The Internet is enabling some very innovative and creative twists on traditional business models. Back in the day (you know, 1995ish) businesses made money simply by selling a product or service directly or perhaps indirectly through a distribution partner. Value was created in a very predictable way, even with the addition of one or several sales partners. A business made / delivered a product or service that costs X for Y, and perhaps the channel partners added Y + margin to get to an end price. As long as Y > X you presumably had a viable business model. Of course this works for direct transfer of goods / delivery of service and for renting / leasing the product, or subscribing to the service (SaaS, for example).

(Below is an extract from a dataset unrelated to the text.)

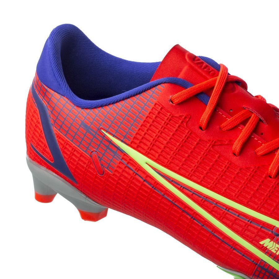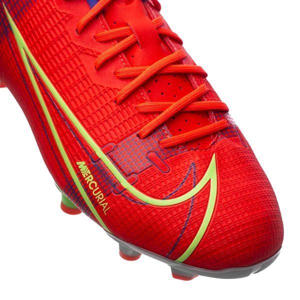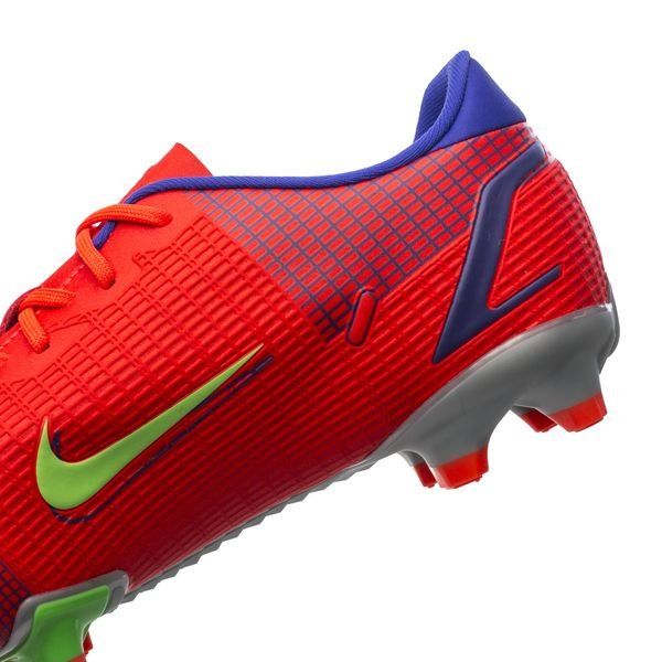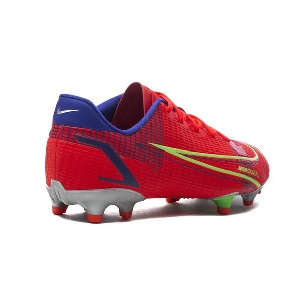Nike Mercurial Vapor 14 Academy MG Spectrum - Bright Crimson/Metallic Silver Kids nằm trong bộ sưu tập ‘Spectrum Pack’, Mercurial bắt mắt với colorway rực rỡ, nổi bật. Phần upper của giày cung cấp cho chúng ta cái nhìn rõ nét nhất về các công nghệ, với các hiệu ứng xuyên qua tương tự như trên Mercurial Dragonfly.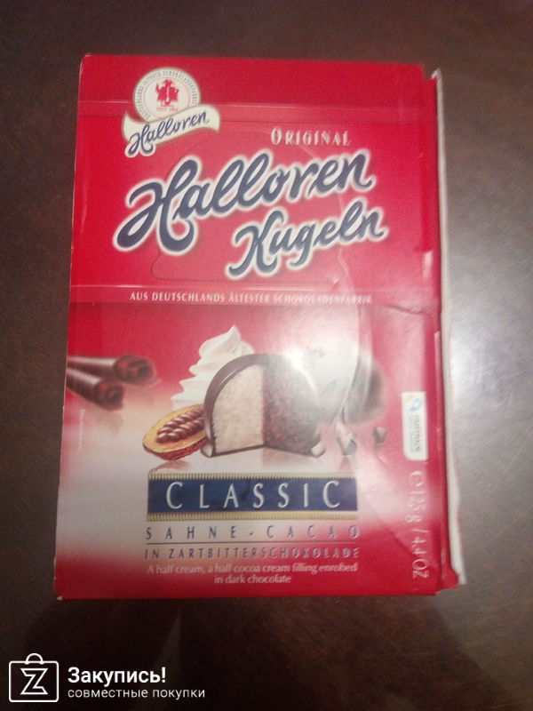 Конфетки Halloren Kugeln. Недорогие такие конфетки, 125 грамм, 12 штучек. Вот что мне в немецких конфетах нравится? Ага, коробочки! Аккуратные такие, маленькие, соответствуют количеству конфет, в них положенных, никакого лишнего картона!

Enter the Internet and the age of “Google” and value creation changed with the new online ad supported approach. For many new online businesses this became the default business model. There’s even a blended model that uses ad supported and direct sales (usually subscription) called freemium. Companies “give” away the core product for free, getting their value indirectly through ad revenue but allow the customers to get rid of the ads by paying the subscription.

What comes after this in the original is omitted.